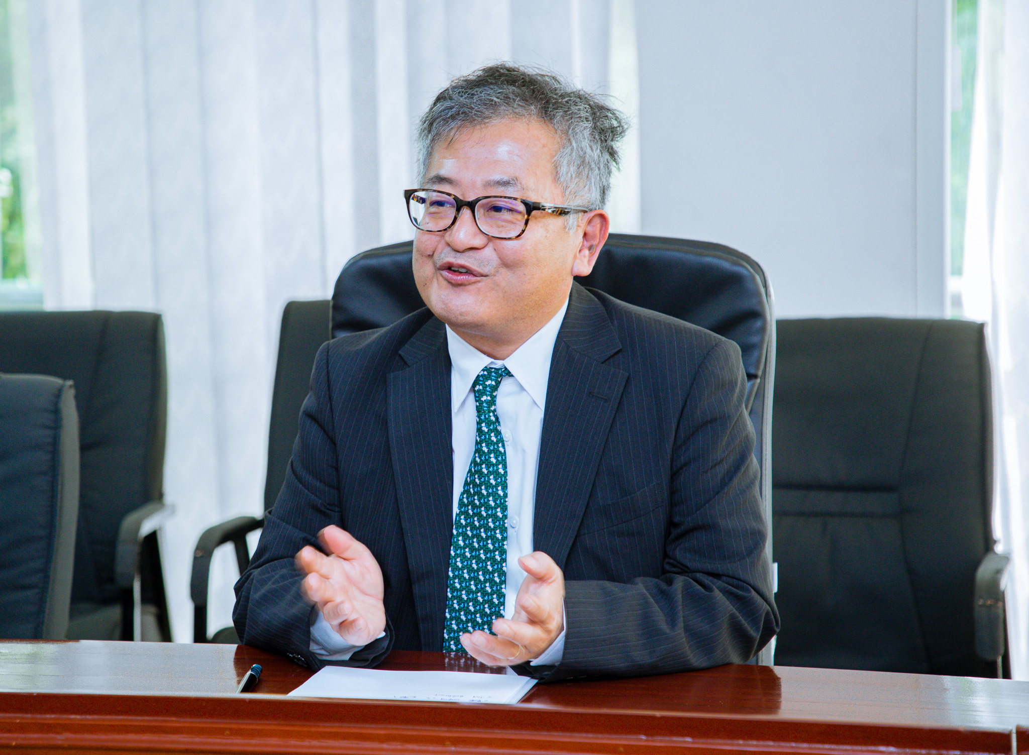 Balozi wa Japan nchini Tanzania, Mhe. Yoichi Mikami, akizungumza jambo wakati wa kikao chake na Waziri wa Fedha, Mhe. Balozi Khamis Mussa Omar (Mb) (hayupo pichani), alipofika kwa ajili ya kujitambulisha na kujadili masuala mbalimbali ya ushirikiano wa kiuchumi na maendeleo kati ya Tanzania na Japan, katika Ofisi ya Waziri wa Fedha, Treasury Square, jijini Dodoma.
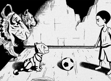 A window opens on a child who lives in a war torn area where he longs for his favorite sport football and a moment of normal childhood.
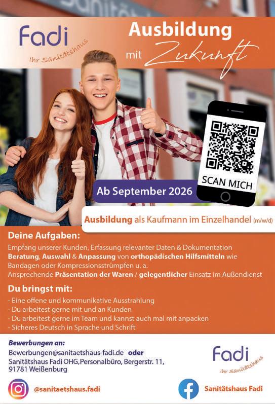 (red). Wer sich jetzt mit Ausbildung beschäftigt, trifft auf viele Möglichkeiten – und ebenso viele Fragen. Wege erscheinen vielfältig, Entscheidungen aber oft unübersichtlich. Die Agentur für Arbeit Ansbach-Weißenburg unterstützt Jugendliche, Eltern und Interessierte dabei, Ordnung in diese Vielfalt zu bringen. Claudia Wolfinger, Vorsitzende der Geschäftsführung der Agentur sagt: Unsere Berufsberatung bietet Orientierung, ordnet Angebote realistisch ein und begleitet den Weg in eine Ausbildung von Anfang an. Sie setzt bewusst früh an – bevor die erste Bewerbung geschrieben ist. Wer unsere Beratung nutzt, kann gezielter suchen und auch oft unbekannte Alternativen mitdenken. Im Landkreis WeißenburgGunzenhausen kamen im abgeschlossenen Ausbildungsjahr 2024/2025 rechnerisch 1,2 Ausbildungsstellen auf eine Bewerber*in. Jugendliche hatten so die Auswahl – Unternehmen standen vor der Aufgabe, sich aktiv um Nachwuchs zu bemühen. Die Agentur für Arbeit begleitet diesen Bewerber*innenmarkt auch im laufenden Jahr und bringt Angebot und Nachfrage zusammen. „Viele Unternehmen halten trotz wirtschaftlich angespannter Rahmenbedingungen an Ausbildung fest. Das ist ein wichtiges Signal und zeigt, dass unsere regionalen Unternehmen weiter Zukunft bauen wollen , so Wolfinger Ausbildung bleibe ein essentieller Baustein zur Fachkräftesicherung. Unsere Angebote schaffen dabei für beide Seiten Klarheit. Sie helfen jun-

* * *

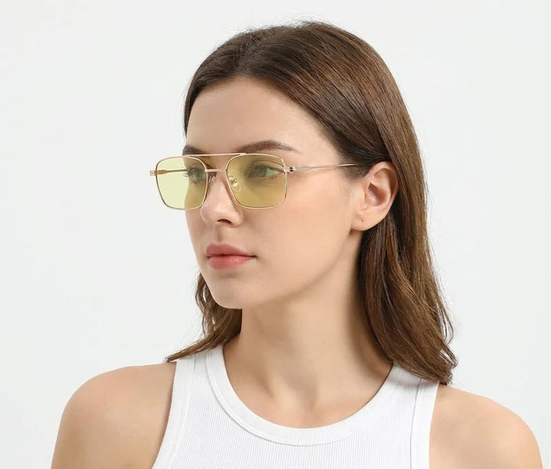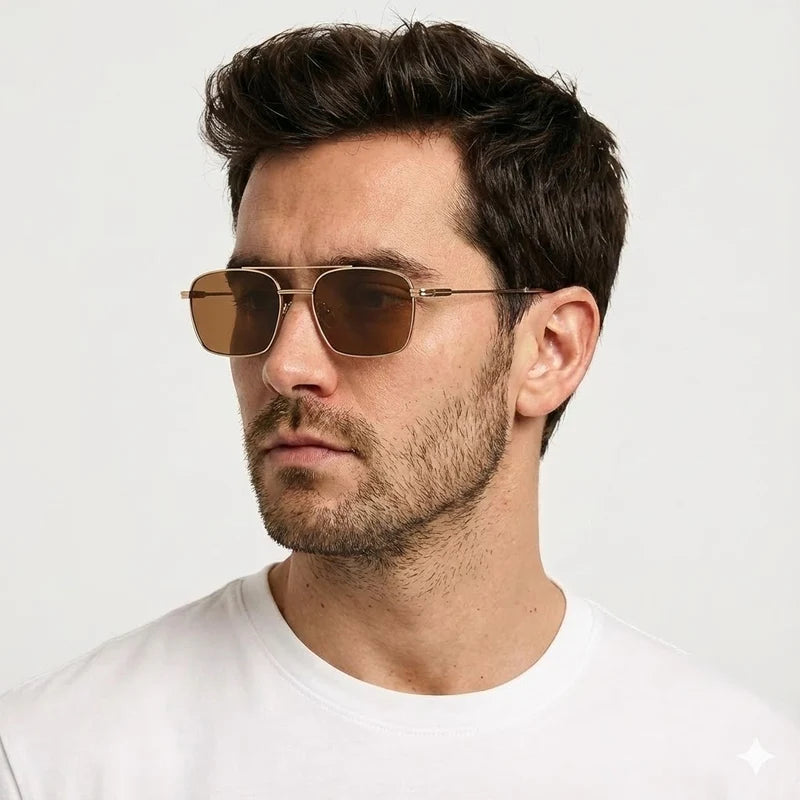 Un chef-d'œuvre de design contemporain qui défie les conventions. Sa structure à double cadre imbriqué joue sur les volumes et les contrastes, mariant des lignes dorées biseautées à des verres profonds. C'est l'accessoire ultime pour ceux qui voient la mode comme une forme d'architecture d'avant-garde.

● Assignment:
Give back, exactly and without pictures, the stretch of the records above from the line containing "Balozi wa Japan" through the line containing "A window opens", with both end lines included.

● The completed task:
 Balozi wa Japan nchini Tanzania, Mhe. Yoichi Mikami, akizungumza jambo wakati wa kikao chake na Waziri wa Fedha, Mhe. Balozi Khamis Mussa Omar (Mb) (hayupo pichani), alipofika kwa ajili ya kujitambulisha na kujadili masuala mbalimbali ya ushirikiano wa kiuchumi na maendeleo kati ya Tanzania na Japan, katika Ofisi ya Waziri wa Fedha, Treasury Square, jijini Dodoma.
 A window opens on a child who lives in a war torn area where he longs for his favorite sport football and a moment of normal childhood.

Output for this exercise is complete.